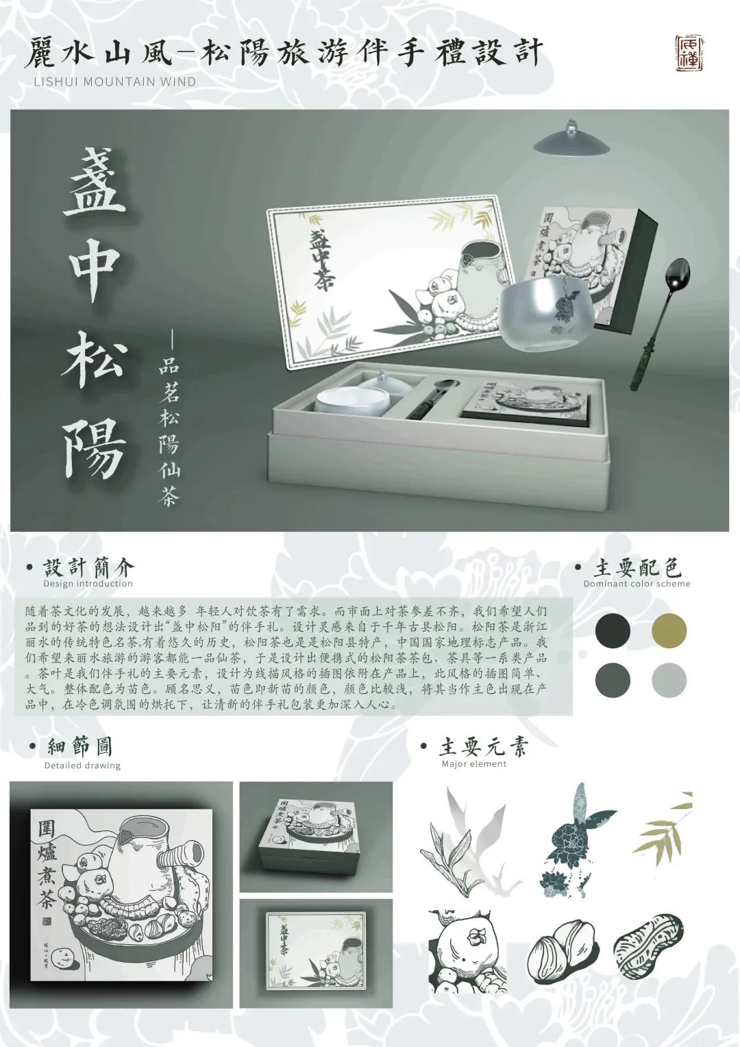 隨著茶文化的發(fā)展,越來越多年輕人對飲茶有了需求。而市面上對茶參差不齊,盞中松陽伴手禮包含了茶杯,茶包,和勺子三樣物品。面對客戶和場合的不同,有時候需要送出比較雅致講究的文化產(chǎn)品。而茶葉和茶具是怎么都不會出錯的存在。在茶包設(shè)計中,我們改變了傳統(tǒng)掛卡的形式。茶包掛卡借用了兔年形象,配上贊美茶香的詩詞,讓普通的茶包詩藝盡顯。
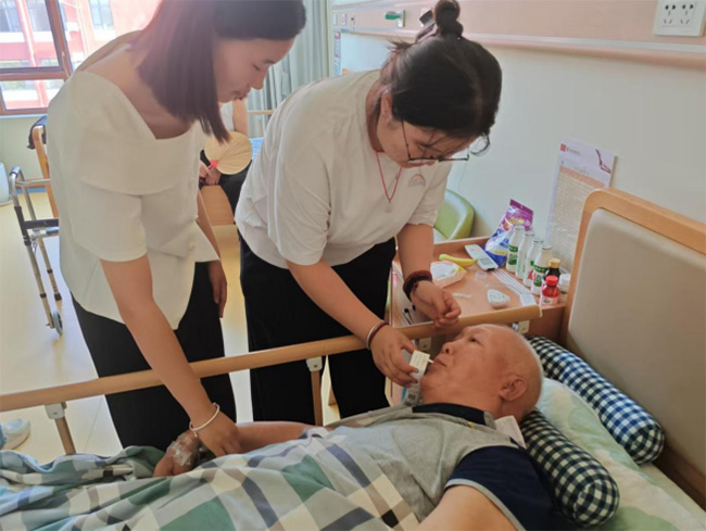 在探望卧床老人的过程中,实践团成员细心地为老人喂水,并轻声安慰。房间内安静祥和,青年学生的身影与老人床前的交流形成鲜明画面。通过陪伴与照料,他们给予了老人切实的帮助,也让老人们的生活多了一份安心。
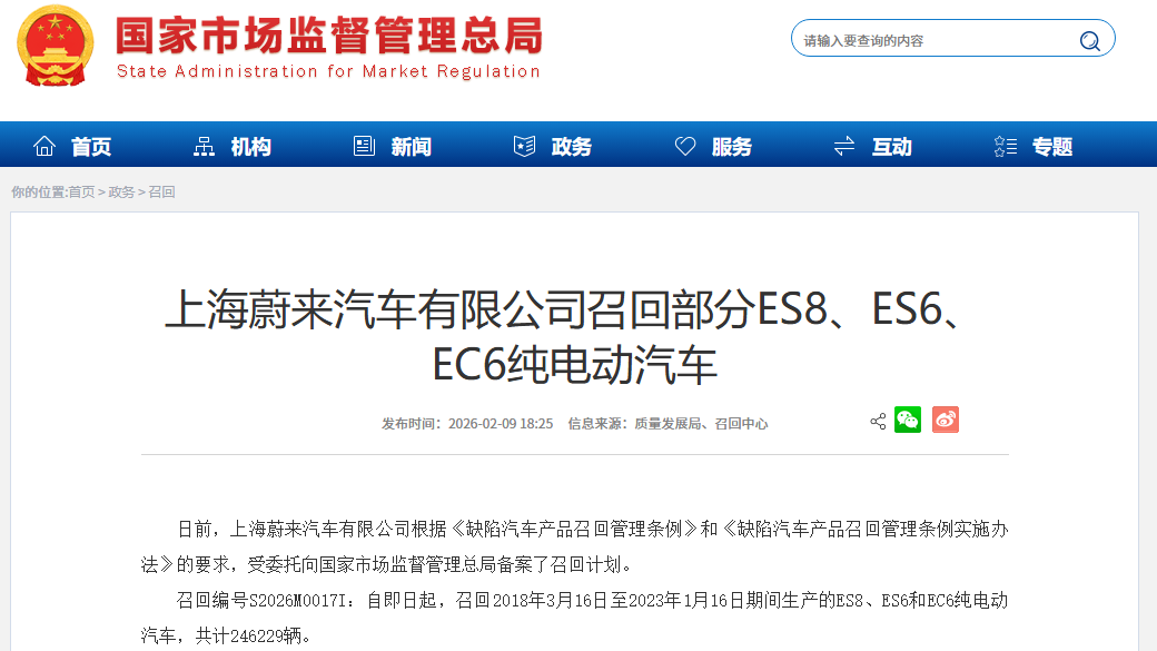 因软件问题存在安全隐患,蔚来召回部分ES8、ES6、EC6纯电动汽车
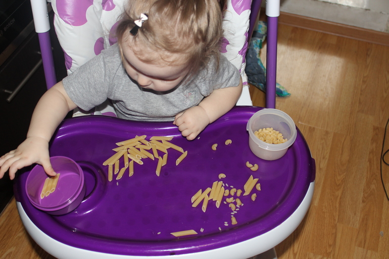 Не понимаю зачем ребенку игры с едой, макароны и крупы это еда, дай поковырятся в сырых, будет играть с готовыми. Для развития мелкой моторики существует много игрушек , шариков, пирамидок. Мелкие предметы по типу камушек тоже не даю, сикунда невнимания и они в носу и во рту. Играем игрушками короче ну и на улице трогаем цветочки там и травку .
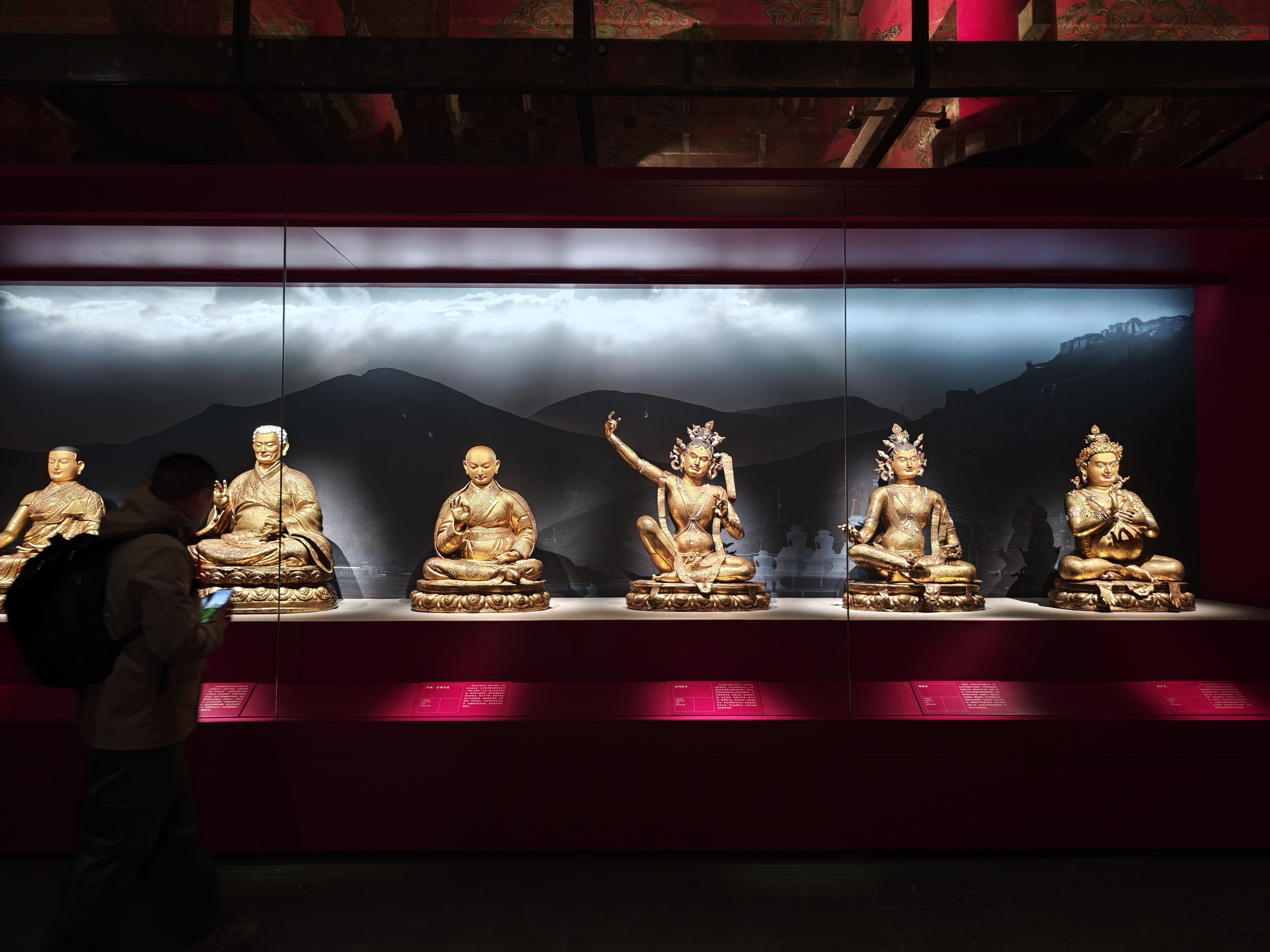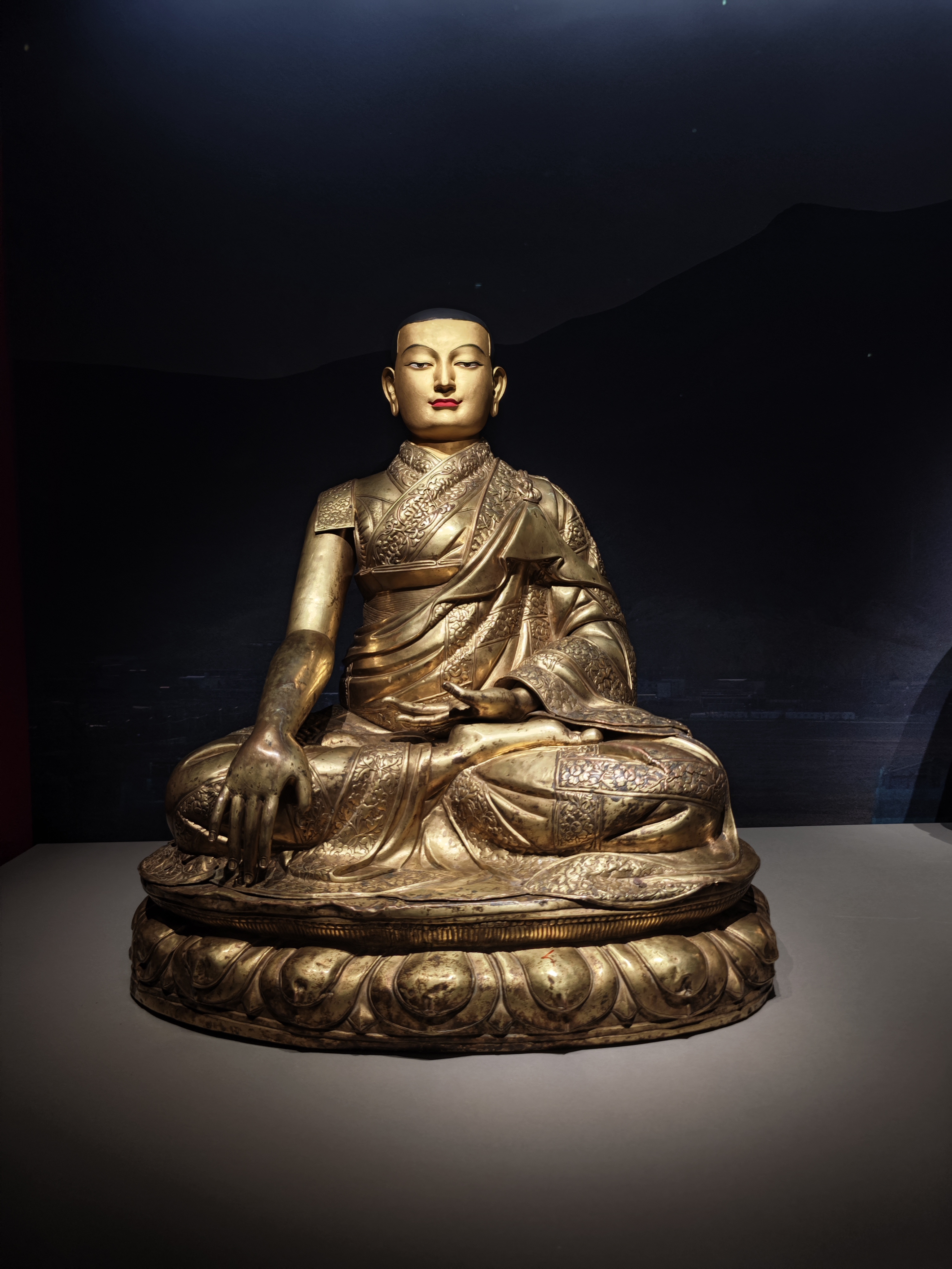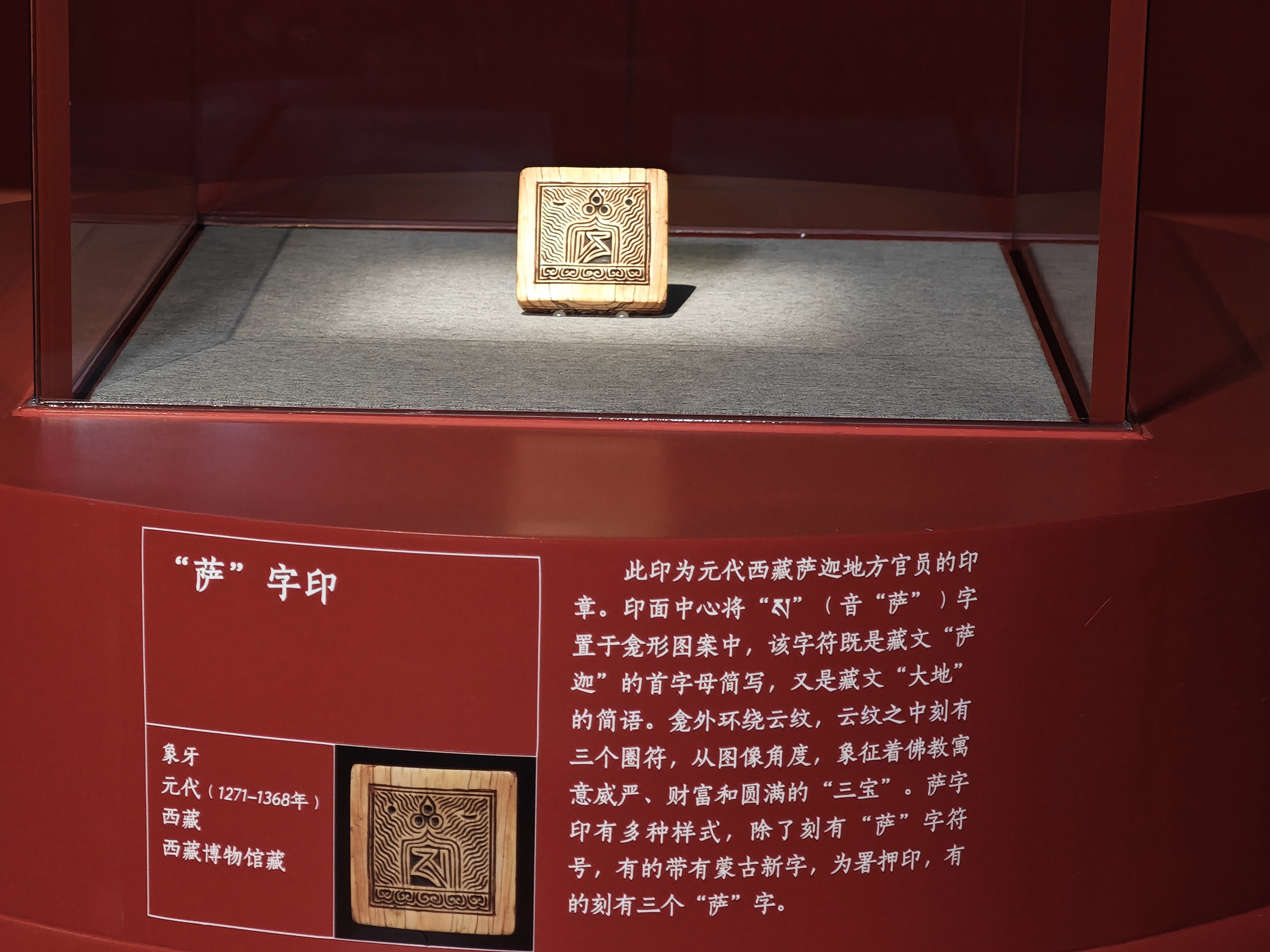 現場展出的《闊端敦請薩迦班智達令旨》《薩迦班智達致蕃人書》文獻是說明「涼州會談」後西藏地方成為元代中央所轄行政區域的重要政治文獻。「大朝國師統領諸國僧尼中興釋教之印」是目前唯一能確認的八思巴用印,他少年時隨叔父赴涼州,後深得忽必烈器重,被封國師、帝師,確立了藏傳佛教在元代宮廷的尊崇地位;他創製八思巴文,推動西藏與中央政權的聯結,並主持營建了薩迦南寺。

□ □ □

-- How to complete this task --
Everything from the line containing "Не понимаю зачем" through the last line of the records above is to be reproduced exactly, except the pictures.

-- Task output --
 Не понимаю зачем ребенку игры с едой, макароны и крупы это еда, дай поковырятся в сырых, будет играть с готовыми. Для развития мелкой моторики существует много игрушек , шариков, пирамидок. Мелкие предметы по типу камушек тоже не даю, сикунда невнимания и они в носу и во рту. Играем игрушками короче ну и на улице трогаем цветочки там и травку .
 現場展出的《闊端敦請薩迦班智達令旨》《薩迦班智達致蕃人書》文獻是說明「涼州會談」後西藏地方成為元代中央所轄行政區域的重要政治文獻。「大朝國師統領諸國僧尼中興釋教之印」是目前唯一能確認的八思巴用印,他少年時隨叔父赴涼州,後深得忽必烈器重,被封國師、帝師,確立了藏傳佛教在元代宮廷的尊崇地位;他創製八思巴文,推動西藏與中央政權的聯結,並主持營建了薩迦南寺。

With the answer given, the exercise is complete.